Craft httr calls cleverly with curlconverter

UPDATE curlconverter will now return (as the function return value) a working R function. See the README for examples

When you visit a site like the LA Times’ NH Primary Live Results site and wish you had the data that they used to make the tables & visualizations on the site:

Sometimes it’s as simple as opening up your browsers “Developer Tools” console and looking for XHR (XML HTTP Requests) calls:

You can actually see a preview of those requests (usually JSON):

While you could go through all the headers and cookies and transcribe them into httr::GET or httr::POST requests, that’s tedious, especially when most browsers present an option to “Copy as cURL”. cURL is a command-line tool (with a corresponding systems programming library) that you can use to grab data from URIs. The RCurl and curl packages in R are built with the underlying library. The cURL command line captures all of the information necessary to replicate the request the browser made for a resource. The cURL command line for the URL that gets the Republican data is:

curl 'http://graphics.latimes.com/election-2016-31146-feed.json' 
  -H 'Pragma: no-cache' 
  -H 'DNT: 1' 
  -H 'Accept-Encoding: gzip, deflate, sdch'
  -H 'X-Requested-With: XMLHttpRequest' 
  -H 'Accept-Language: en-US,en;q=0.8' 
  -H 'User-Agent: Mozilla/5.0 (Macintosh; Intel Mac OS X 10_11_3) AppleWebKit/537.36 (KHTML, like Gecko) Chrome/49.0.2623.39 Safari/537.36' 
  -H 'Accept: */*' 
  -H 'Cache-Control: no-cache' 
  -H 'If-None-Match: "7b341d7181cbb9b72f483ae28e464dd7"' 
  -H 'Cookie: s_fid=79D97B8B22CA721F-2DD12ACE392FF3B2; s_cc=true' 
  -H 'Connection: keep-alive' 
  -H 'If-Modified-Since: Wed, 10 Feb 2016 16:40:15 GMT'
  -H 'Referer: http://graphics.latimes.com/election-2016-new-hampshire-results/' 
  --compressed

While that’s easier than manual copy/paste transcription, these requests are uniform enough that there Has To Be A Better Way. And, now there is, with curlconverter.

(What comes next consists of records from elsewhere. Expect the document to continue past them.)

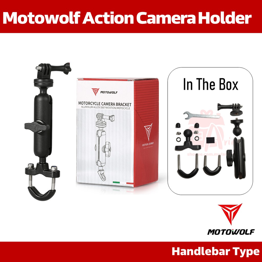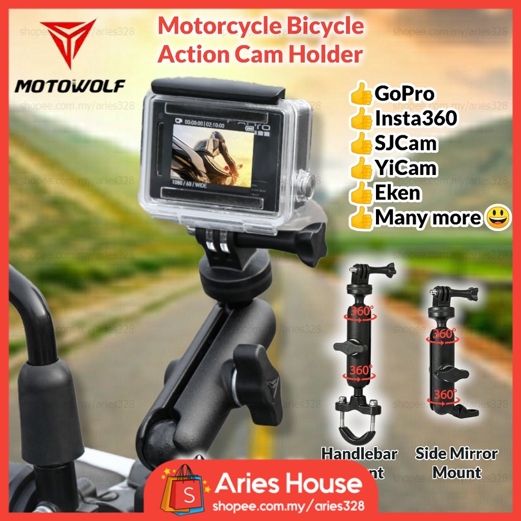 MOTOWOLF GoPro Holder Motorcycle Bicycle Bike Handle Bar Side Mirror Mount Pemegang Insta360 SJCam XiaoYi Action Camera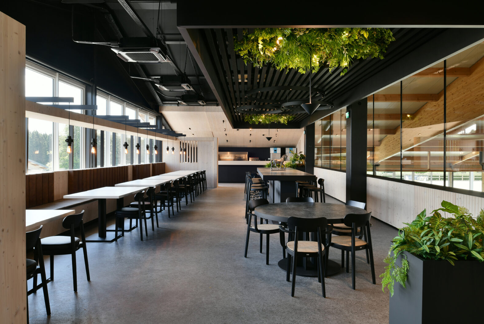 Das private Restaurant in der Reithalle steht sowohl während Turnieren als auch für geladene Reitgäste zur Verfügung. Die Räumlichkeiten bieten Platz für Verköstigungen während der Veranstaltungen und für gemeinsame Mahlzeiten nach den Wettkämpfen. Besonders beeindruckend ist das außergewöhnliche Design, das moderne Elemente harmonisch mit dem charakteristischen Charme der Reithalle verbindet und so eine unverwechselbare Atmosphäre schafft.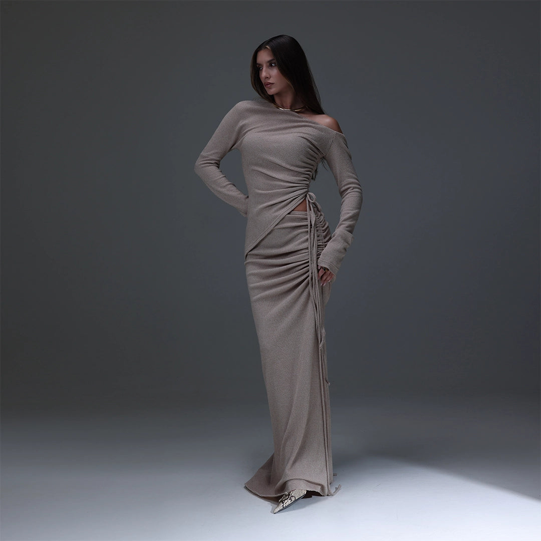 Comfortable skirt in ribbed tricot fabric, featuring a side pleated adjustable waistband for stylish fit!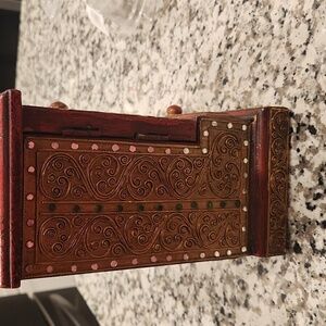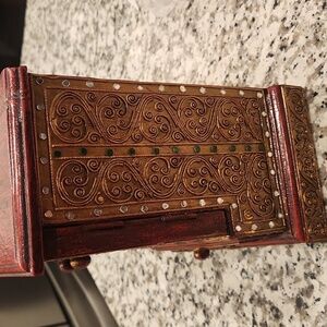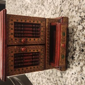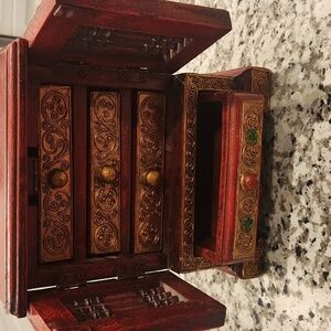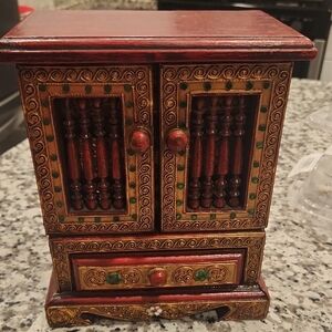 Beautiful wooden jewelry box with intricate carvings. Features rich red and gold tones with green accents. Perfect for storing your treasures. Measurement height 9 inches 8 inches wide made out of wood with golden trim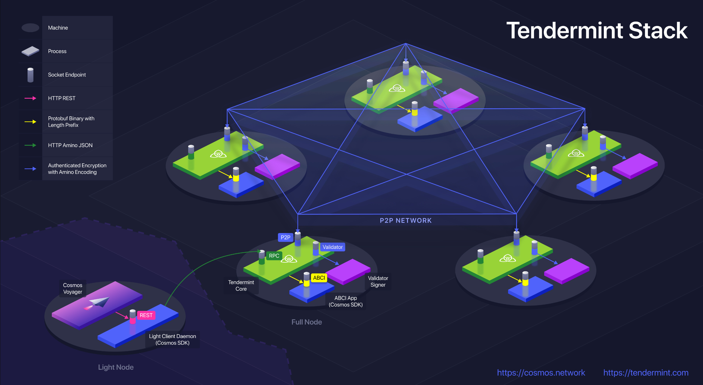 这里的最终用户应用程序是 Cosmos Voyager,在左下角。 Voyager 与本地轻客户端守护进程公开的 REST API 通信。轻客户端守护进程是一个特定于应用程序的程序,它与 Tendermint 节点通信,并通过 Tendermint Core RPC 验证 Tendermint 轻客户端证明。Tendermint Core 处理与一个本地 ABCI 应用程序通信,用户查询或交易实际上是在这个应用程序中处理的。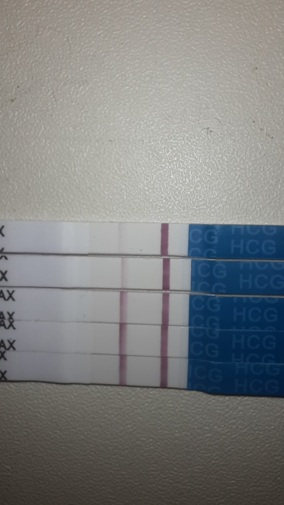 Первая слабая полосочка появилась на 21 дц (предположительно 9 дпо). Сначала была очевидная динамика, но вот 2 последних теста меня смущают. Последний сделан сегодня (примерно 15 дпо), и вторая полоска так и не сравнялсь с контрольной. Видите динамику в двух последних тестах, или они одинаковые? Живот весь день тянет. Страшно. Вдруг это всё?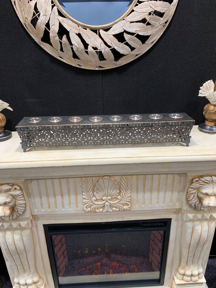 This is a long feature that is table top with hanging 8 glass candle holder inside

The curlconverter package has (for the moment) two main functions:

straighten() : which returns a list with all of the necessary parts to craft an httr POST or GET call
make_req() : which actually _returns a working httr call, pre-filled with all of the necessary information.

By default, either function reads from the clipboard (envision the workflow where you do the “Copy as cURL” then switch to R and type make_req() or req_params <- straighten()), but they can take in a vector of cURL command lines, too (NOTE: make_req() is currently limited to one while straighten() can handle as many as you want).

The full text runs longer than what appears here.